Saint Jean ne parle pas de la vie au-delà de la mort, de la vie éternelle, cela a déjà été annoncé, et tout au long de son Évangile. Il parle alors de la vie maintenant, à partir du moment où dans la foi on croit que Jésus est ressuscité et vivant. Le dernier des évangiles se termine en racontant comment la foi en la résurrection a profondément marqué, transformé la vie de celles et ceux qui en sont devenus des témoins. Les évangiles nous racontent comment la foi a libéré Marie-Madeleine de sa tristesse, de sa désolation, comment elle a rempli de joie les disciples que la peur avait enfermés derrière des portes verrouillées, comment elle a dégagé Thomas de son incrédulité !

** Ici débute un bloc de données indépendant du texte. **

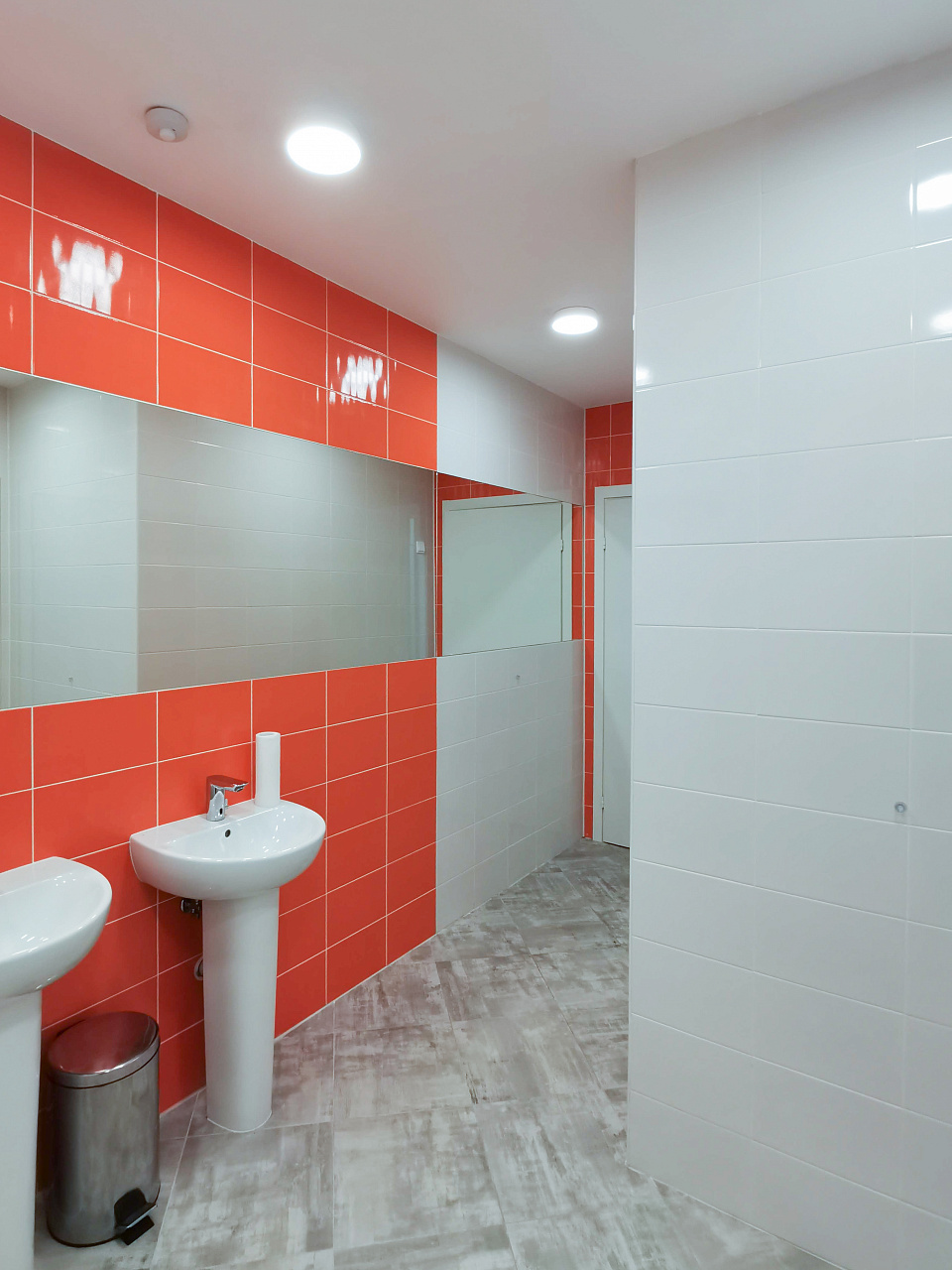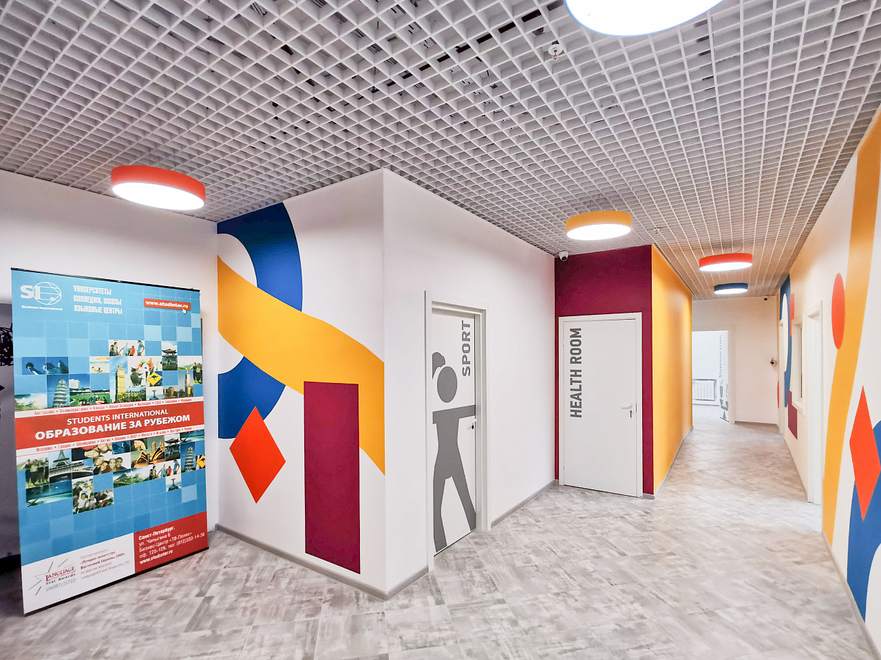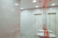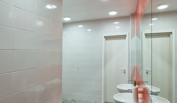 В классах, в спортзале и в холле использованы светильники с дневным белым оттенком свечения, который помогает настроится на рабочий лад, снижает нагрузку на зрение, способствует повышению производительности.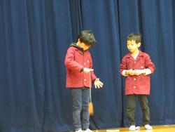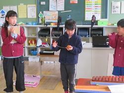 口吉川町の老人クラブの皆様に昔遊びを教えていただいたことや、音楽の時間に学んだ合奏を発表させていただきました。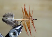 tying the fly is pretty straightforward. The tail is GP, the body hackle is palmered and secured with the rib and the front hackle is also GP, selected and tied in to sweep over the body in its full length and a bit, the tips almost reaching the tip of the tail, and giving the fly a lot of movement in the water.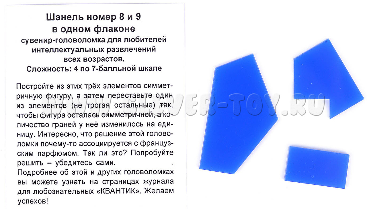 Задача: расположите элементы так, чтобы получилась симметричная фигура, а затем переставьте один элемент (не трогая другие) так, чтобы фигура осталась симметричной, а граней стало больше на одну.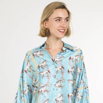 Printed Button Up Frill Collar Babydoll Blouse CY127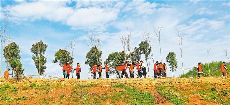 3月12日,重庆市万盛经开区开展2026年春季义务植树活动,人们在荒山坡上种下香樟、乌桕等树苗。王泸州摄(中经视觉)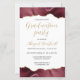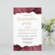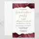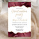 Este convite de festa de formatura moderno apresenta uma borda superior e inferior de geodo de ágata em aquarela em tons de vermelho burgundy com destaques de brilho dourado falso. As palavras "Festa de formatura" aparecem em uma fonte decorativa moderna de letra manuscrita dourada. Personalize o convite com o nome do formando em dourado, juntamente com a escola, ano de turma e detalhes da festa em cinza carvão em um fundo branco. O verso do cartão é branco sólido.
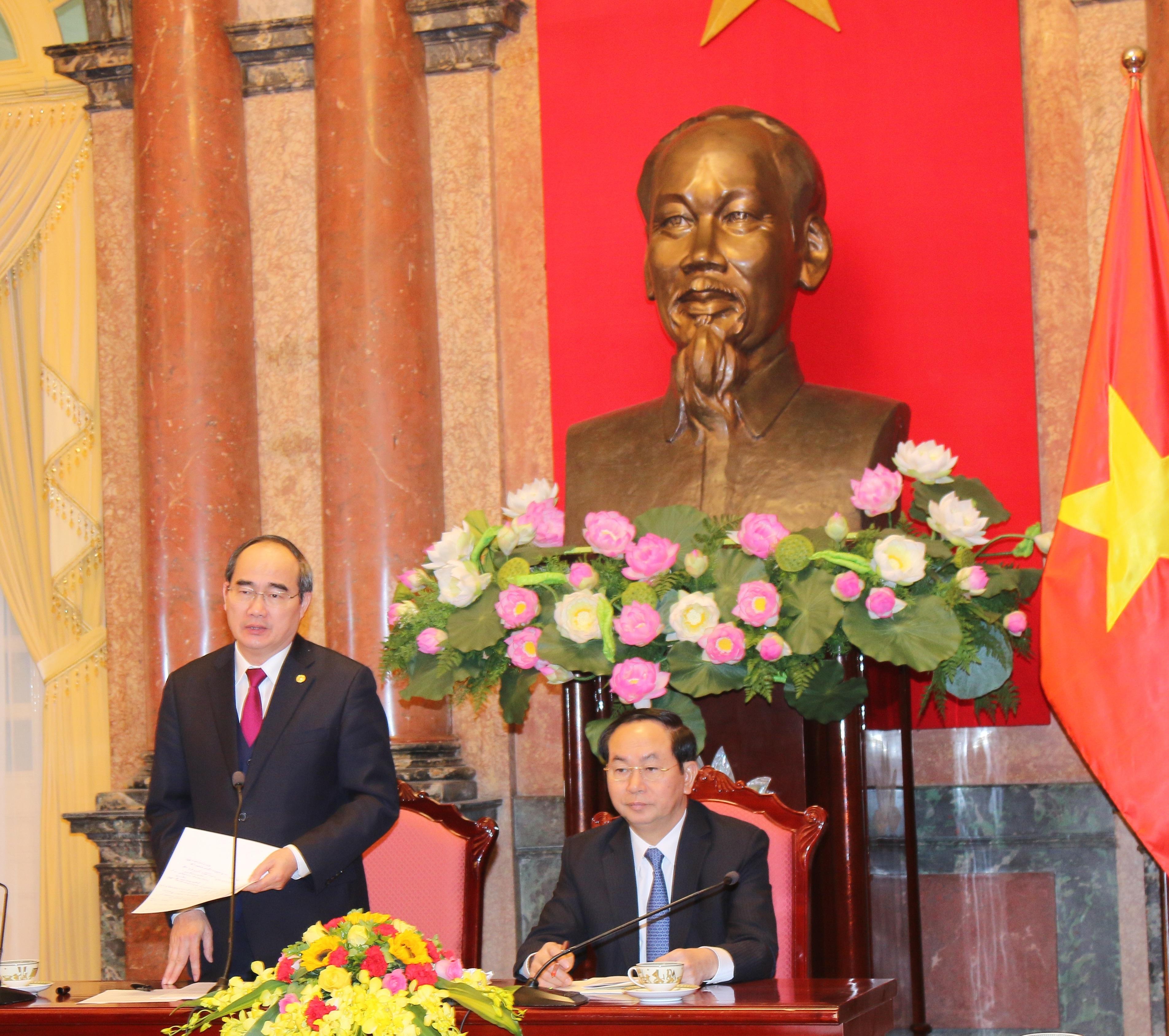 Chủ tịch nước Trần Đại Quang giao nhiệm vụ cho Văn phòng Chủ tịch nước chủ động phối hợp với MTTQ Việt Nam để tham mưu Chủ tịch nước về công tác mặt trận trong các hoạt động đối nội, đối ngoại, đặc biệt thúc đẩy hơn nữa công tác đối ngoại nhân dân, công tác vận động người Việt Nam ở nước ngoài, tăng cường giao lưu, hợp tác phát triển giữa các đoàn thể chính trị - xã hội với bạn bè quốc tế bằng nhiều hình thức phù hợp, góp phần phát triển quan hệ đối ngoại, hợp tác quốc tế, tạo môi trường hòa bình, ổn định để phát triển đất nước.

La foi en Jésus, ressuscité et vivant change celles et ceux qui l’accueillent, elle fait découvrir le vrai sens de la vie, qu’elle vaut la peine d’être vécue. Voir sa vie transformée, et dès maintenant, ne serait-ce pas cela bénéficier ce cette vie à laquelle ouvre la foi ? L’existence, notre vie de chaque jour, de chaque semaine reste la même avec ses moments de réussite et de joie, et aussi avec ses problèmes et ses moments difficiles, nous en savons quelque chose présentement. La foi qui nous habite, nous guide se montre capable d’y mettre de la lumière et de l’espérance. Jésus vint et il était là au milieu d’eux. Les disciples furent remplis de joie en voyant le Seigneur. … Je vous verrai de nouveau et votre cœur se réjouira, et votre joie, personne ne vous l’enlèvera.